Google Cloud has announced native support for the OpenTelemetry Protocol (OTLP) in its Cloud Trace service, marking a significant step toward vendor-neutral observability infrastructure. The new capability allows developers to send trace data directly using OTLP through the telemetry.googleapis.com
endpoint, eliminating the need for vendor-specific exporters and custom data transformations.
The OpenTelemetry Protocol serves as a vendor-agnostic data exchange standard designed to transport telemetry data from source to destination without lock-in to specific observability platforms. This development addresses a growing industry demand for standardized telemetry pipelines that can work across multiple cloud providers and observability tools.
Google Cloud’s implementation goes beyond simple protocol support by restructuring its internal storage system to use the OpenTelemetry data model natively. This architectural change brings substantial improvements to storage limits for users sending data through the new OTLP endpoint. Attribute keys can now extend up to 512 bytes compared to the previous 128-byte limit, while attribute values support up to 64 KiB versus the former 256-byte restriction.
The enhanced storage system also increases span capacity significantly. Span names can now contain up to 1,024 bytes rather than 128 bytes, and individual spans can accommodate up to 1,024 attributes instead of the previous limit of 32. Additionally, the system now supports 256 events per span and 128 links per span, providing developers with much greater flexibility in their tracing implementations.
Product managers Sujay Solomon and Keith Chen emphasized that trace support represents the initial phase of a broader OpenTelemetry adoption strategy across Google Cloud Observability:
We understand that in today’s complex cloud environments, managing telemetry data across disparate systems, inconsistent data formats, and vast volumes of information can lead to observability gaps and increased operational overhead. We are dedicated to streamlining your telemetry pipeline, starting with focusing on native OTLP ingestion for all telemetry types so you can seamlessly send your data to Google Cloud Observability.
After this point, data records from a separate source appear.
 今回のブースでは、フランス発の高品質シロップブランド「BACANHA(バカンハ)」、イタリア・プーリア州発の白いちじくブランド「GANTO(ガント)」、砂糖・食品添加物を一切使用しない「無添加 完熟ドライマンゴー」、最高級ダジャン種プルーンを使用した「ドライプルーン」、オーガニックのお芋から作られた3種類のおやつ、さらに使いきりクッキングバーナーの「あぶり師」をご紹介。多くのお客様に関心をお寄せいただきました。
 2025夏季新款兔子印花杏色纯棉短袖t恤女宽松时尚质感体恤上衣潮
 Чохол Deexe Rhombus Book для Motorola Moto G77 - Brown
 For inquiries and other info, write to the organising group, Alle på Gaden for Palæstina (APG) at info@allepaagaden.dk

The strategic vision includes managed server-side processing capabilities, flexible routing to multiple destinations, and unified telemetry management across different environments. This approach addresses common challenges organizations face when managing observability data across disparate systems with inconsistent formats and processing requirements.
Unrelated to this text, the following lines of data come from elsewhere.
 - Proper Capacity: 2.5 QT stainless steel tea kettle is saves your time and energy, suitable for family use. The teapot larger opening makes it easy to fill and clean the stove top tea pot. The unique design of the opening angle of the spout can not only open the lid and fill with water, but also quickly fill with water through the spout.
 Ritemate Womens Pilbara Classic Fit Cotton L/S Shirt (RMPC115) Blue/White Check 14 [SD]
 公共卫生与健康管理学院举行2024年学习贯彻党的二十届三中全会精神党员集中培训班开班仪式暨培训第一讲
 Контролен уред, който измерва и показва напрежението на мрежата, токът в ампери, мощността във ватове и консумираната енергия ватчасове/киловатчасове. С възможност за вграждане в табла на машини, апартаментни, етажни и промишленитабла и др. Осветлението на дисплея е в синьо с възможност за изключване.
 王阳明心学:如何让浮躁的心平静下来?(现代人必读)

The native OTLP support eliminates several operational complexities that have historically hindered observability implementations. Organizations can now use standard OpenTelemetry exporters directly without additional vendor-specific agents or complex data conversion processes. This change reduces client-side resource usage by moving telemetry processing logic to the backend infrastructure.
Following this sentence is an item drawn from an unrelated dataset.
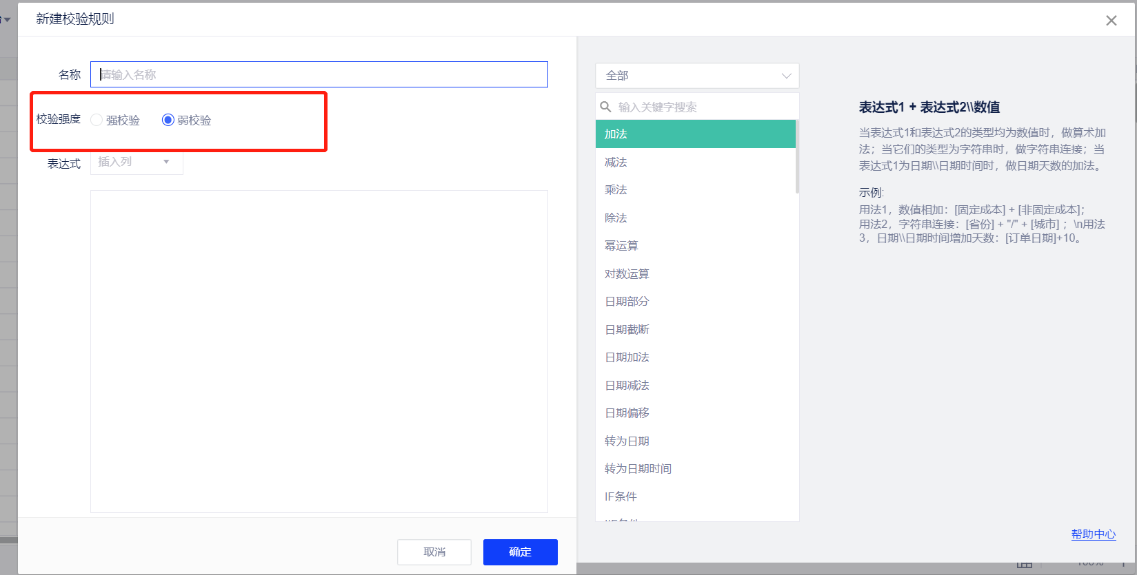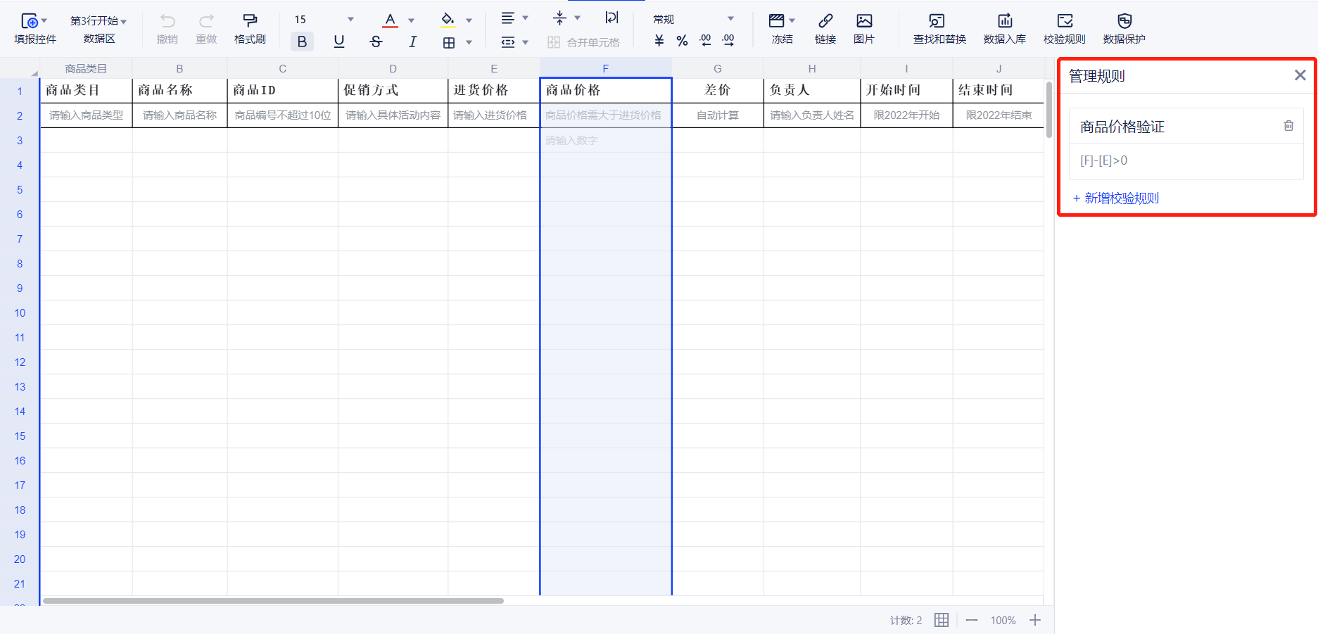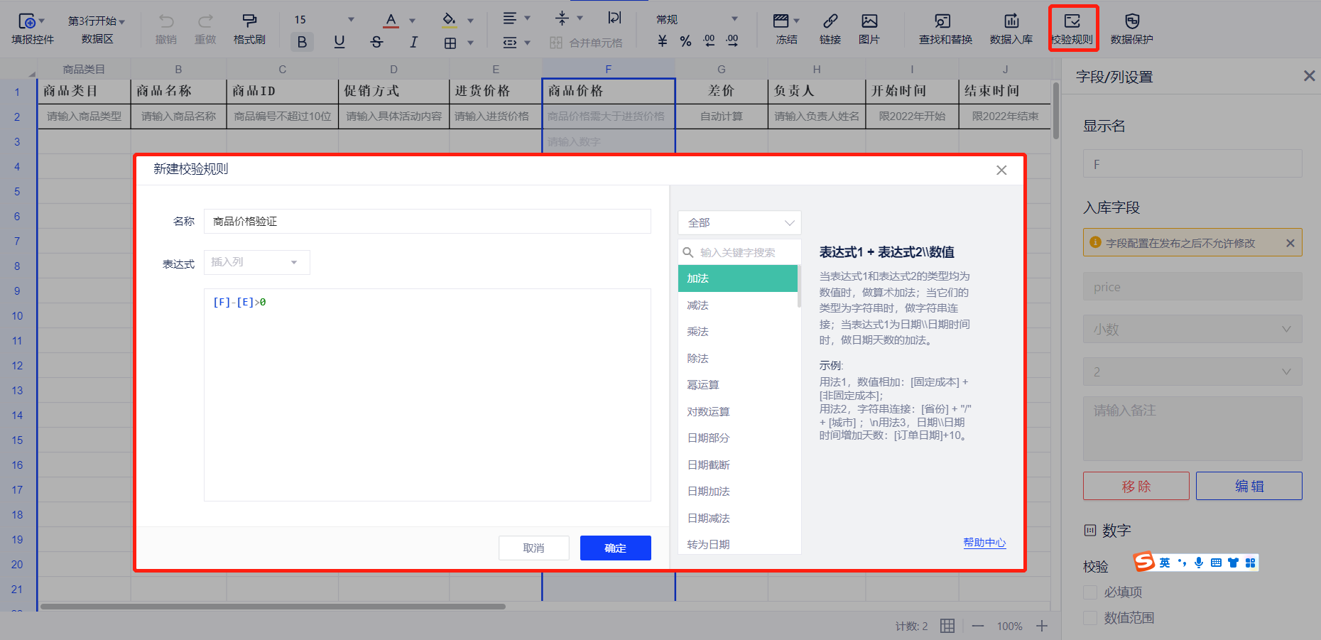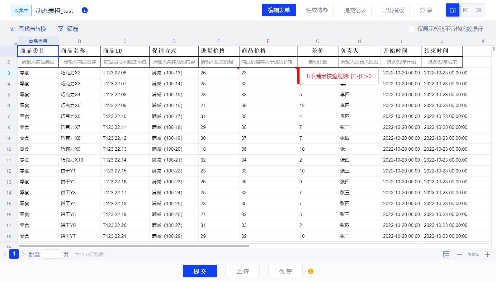 1. 概述2. 快速入门1. 概述动态表格支持向表单添加基于Excel公式的自定义校验规则。 2. 快速入门(1)在动态表格编辑页面,点击校验规则按钮,可以配置校验公式 (2)完成设置后,可在侧边栏中查看与管理规则 动态表格支持配置校验模式为强校验或弱校验 (3)在单次上传或批量上传数据时,本产品都会自动校验数据,并在页面中显示

The Trace Explorer interface in Google Cloud Trace leverages OpenTelemetry semantic conventions extensively, using standardized fields like service.name
for service identification and OpenTelemetry span status indicators for trace analysis. This alignment with community standards improves the user experience for developers already familiar with OpenTelemetry conventions.
Google Cloud recommends that both new and existing users migrate to the OTLP endpoint, particularly those handling high-volume trace data. The company has provided comprehensive migration documentation to help organizations transition from existing trace ingestion methods to the new protocol-native approach.
The enhancement reflects broader industry momentum toward OpenTelemetry standardization, with major cloud providers increasingly adopting the protocol to support multi-cloud and hybrid observability architectures. This development positions Google Cloud competitively in the observability space while advancing the broader goal of vendor-neutral telemetry infrastructure. Organizations currently using Google Cloud Trace can begin leveraging the new OTLP endpoint immediately, taking advantage of the improved storage limits and enhanced processing capabilities. The native protocol support is expected to become the recommended best practice for trace data ingestion across Google Cloud Observability services.
The contrasting approaches of AWS, Azure, and Google Cloud to OpenTelemetry support reveal different strategic philosophies toward observability infrastructure. While Google Cloud has prioritized native OTLP endpoint integration with internal storage system restructuring to maximize protocol benefits, AWS has pursued a hybrid approach through its ADOT distribution combined with native endpoint support across X-Ray and CloudWatch. Azure has taken a more application-centric path, focusing on comprehensive SDK integration and distros before committing to full agent-based OTLP support.